*Cómo nos ha ido envolviendo la violencia en el país y el estado
*Crímenes, como en las dietas: bajas en abril y rebotas en mayo
*El oficio de informar: cuarenta años que desmienten a Gardel
FRANCISCO CHIQUETE
En 1974, Abraham García Ibarra estaba decidido a cambiar la práctica del periodismo mazatleco. Por eso El Correo de la Tarde no traía notas de sociales; los deportes se abordaban desde un punto de vista diferente y sobre todo la policíaca tenía sus límites, a pesar de que ya entonces era un buen negocio: de muerto para arriba, advertía, y sólo bajo determinadas circunstancias.
¿Quién nos iba a decir, a Abraham y a toda su tropilla, que un día el “de muerto pa’rriba” no sería un límite, sino un mísero lugar común?
Durante estos años hemos vivido la escalada de la muerte hasta llegar al punto en que un presidente (de algún modo había que llamar a Felipe Calderón) llegó a clasificar a las víctimas inocentes como “daños colaterales”; hasta el extremo en que los gobernantes alcanzan la increíble capacidad para sacar estadísticas y otras pruebas etéreas de que se puede alcanzar una reducción en los niveles de violencia a pesar de que los asesinatos continúen siendo una constante, e incluso crezcan a la vista de todos.
El actual gobierno hizo una campaña electoral sumamente efectiva, pero sobre todo contó con la colaboración de un pueblo harto de crímenes, que por momentos parecía dar hasta la peligrosa carta blanca para arreglar el asunto a como diera lugar, eventualidad que por fortuna luego fue acotada por la opinión pública.
Por supuesto, nadie en su sano juicio puede esperar una solución automática, sólo por el hecho de que hubo cambio de estafeta. La pudrición está muy enraizada y viene de muy lejos: del priísmo tradicional, pasando por el priísmo decadente y por el panismo emergente. No son enchiladas, como se decía en el Mazatlán de aquellos tiempos.
El problema es que no hemos visto una estrategia diferente de la que emprendió el gobierno de Calderón, como no sea el punto extremo de Michoacán, donde de plano el gobierno federal tuvo que tomar las riendas del estado y ponerse al frente de los distintos y complejos fenómenos que han destrozado la vida diaria de esa entidad. Probablemente termine por repetir el experimento en Tamaulipas, donde las cosas están muestran igualmente a un estado fallido.
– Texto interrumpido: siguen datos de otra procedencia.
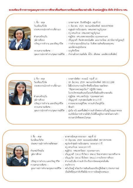 ตําแหนงปจจุบัน : ครูผูชวย กศน.เขตบึงกุม กรุงเทพมหานคร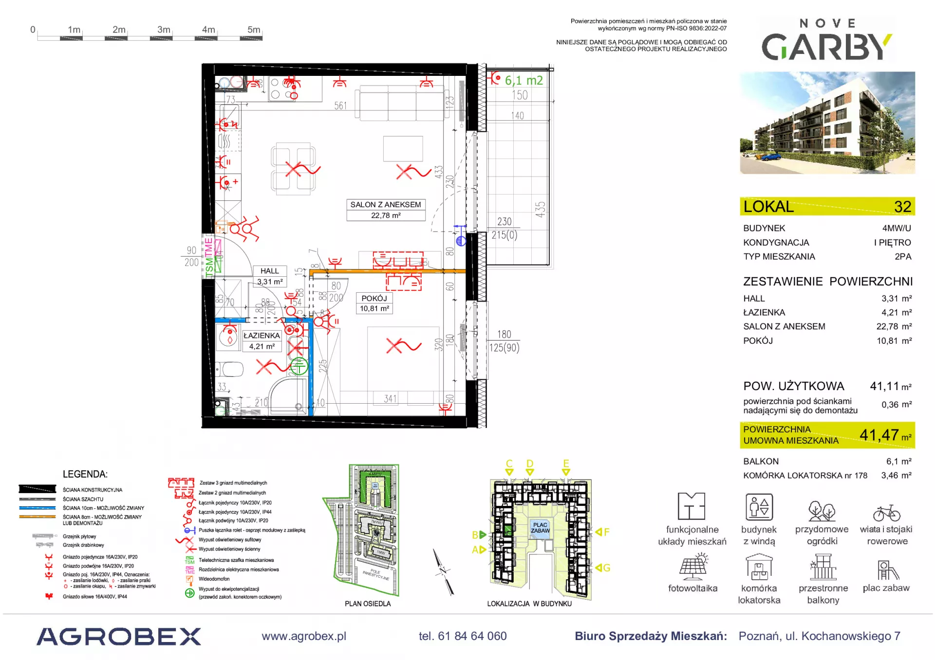 Udogodnienia: plac zabaw, wiaty i stojaki na rowery, dogodnie rozbudowana sieć transportu miejskiego; w okolicy bliskość terenów zielonych - Las przy Swarzędzu, Jezioro Swarzędzkie oraz punktów handlowo-usługowych Przynależności: prywatny ogródek, taras Bezpieczeństwo: domofon Wielkość Projektu: 143 mieszkań Garaże: Deweloper przewidział indywidualne i ogólnodostępne naziemne miejsca postojowe Komunikacja: przystanek autobusowy 2 minuty pieszo od inwestycji Odległość od Centrum: 14,3 km

No es el caso de Sinaloa, aunque desde los años setentas en que arrancamos la referencia de esta entrega, el propio Abraham García Ibarra se preguntaba si éramos un “estado torpe, o reino de la barbarie”, analizando la situación que se daba en un territorio donde privaba la ley del más fuerte y no sólo se aplicaba la ley de los intereses particulares, sino que sobrevivía la organización policial supeditada a los estructuras de las guardias blancas con que se defendió al latifundio en los años treinta-cuarenta, y que en buena medida derivó hacia el narcotráfico en las décadas subsecuentes.
Aquí el narco está metido por supuesto, hasta la cocina de actividades económicas y públicas en general, pero todavía funcionan las estructuras formales. Por desgracia lo hacen con tal precariedad, que al repunte criminal de mayo con ciento dieciséis asesinatos, es atribuido a los reacomodos que entre cárteles ha provocado la detención de Joaquín Archibaldo Guzmán Loera, El chapo Guzmán.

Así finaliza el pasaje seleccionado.